Re: Hidden references to Damon in Brett Anderson's Coal Black Mornings

Post by lumaka » 25 Sep 2019, 19:25

more on Damon, Blur, Britpop and 'Afternoons with the Blinds Drawn':

Brett Anderson: ‘I was never a great musician. My talent is that I never give up’

(…) However, Blur and Oasis came to dominate the movement. And although Anderson writes with self-recrimination about his career mistakes and amused hauteur when a Scottish spectator dismisses Suede as “effete Southern wankers”, he completely loses his composure when writing about Blur. He rails against “witless, opportunist mockneys — middle class ‘media geezers’ who had learned to drop their aitches and flatten their vowels . . . a cheap, beery, graceless cartoon bereft of passion or rage who cravenly hid feeling behind a brittle mask of irony”.
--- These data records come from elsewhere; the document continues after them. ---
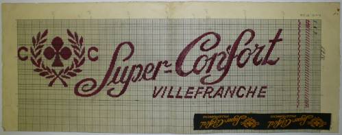 Dessin de mise en carte pour ruban jacquard comportant, en rouge foncé sur fond blanc, un logo composé d’un trèfle entre deux lauriers précédés de la lettre “C”, accosté des inscriptions sur deux lignes : “Super-Confort; VILLEFRANCHE”.
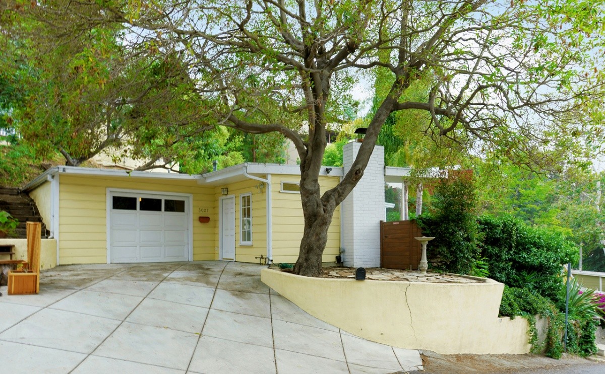 Nestled on a quiet dead-end road, this quintessential Hollywood Hills retreat offers a verdant canyon view, a private flat yard area, and a separate guest studio with kitchenette and bath. Tastefully remodeled throughout, the home boasts walls of glass that offer abundant natural light and showcase the yard and view. The open interior features a fireplace, skylights, and ceramic tile floors. Granite counter tops and stainless steel appliances grace the kitchen space. The large bedroom has 'wood' ceramic floors and French doors out to the yard. There is a one car garage, plus a laundry area. Centrally located to studios, restaurants, and shopping in the Valley and Hollywood, and freeway close to downtown LA.
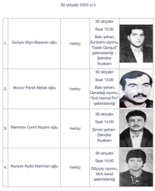 Birinci Qarabağ müharibəsində itkin düşdüyü hesab edilən və şəxsiyyəti müəyyənləşdirilən daha 16 şəhid dəfn olunacaq.

Hearing this invective read back to him, he gives a tight little cough. “I wanted to make the point that our debut album [Suede] was the first Britpop album and it set the tone. I was writing as a poor suburban wannabe, alienated and marginalised by the city. Suede’s music wasn’t celebration, it was documentation. It wasn’t ‘Carry on Cockney’, it was a Mike Leigh film. Then these other bands turned Britpop into a patronising celebration with ugly hints of nationalism and misogyny. By that I mean Loaded [the men’s magazine] and Men Behaving Badly [the sitcom] were in the ascendant and these bands got into bed with that. I am very proud that Suede were already writing about gender fluidity and sexual politics, which still feels very contemporary. I’m amazed these other bands are still taken seriously, they are such an anachronism.”

Many will feel the bile is partly because the co-founder of Suede — and Anderson’s ex-girlfriend — Justine Frischmann left him for the Blur frontman Damon Albarn (she found success with her band, Elastica, and works as an artist in the US). So much of Afternoons with the Blinds Drawn is written in a spirit of generous, forgiving retrospection, it seems incredible that he still cannot mention Albarn or Blur by name. “I choose not to. I don’t want to give it air time. It’s my memoir, not anyone else’s, and I stand by my right.”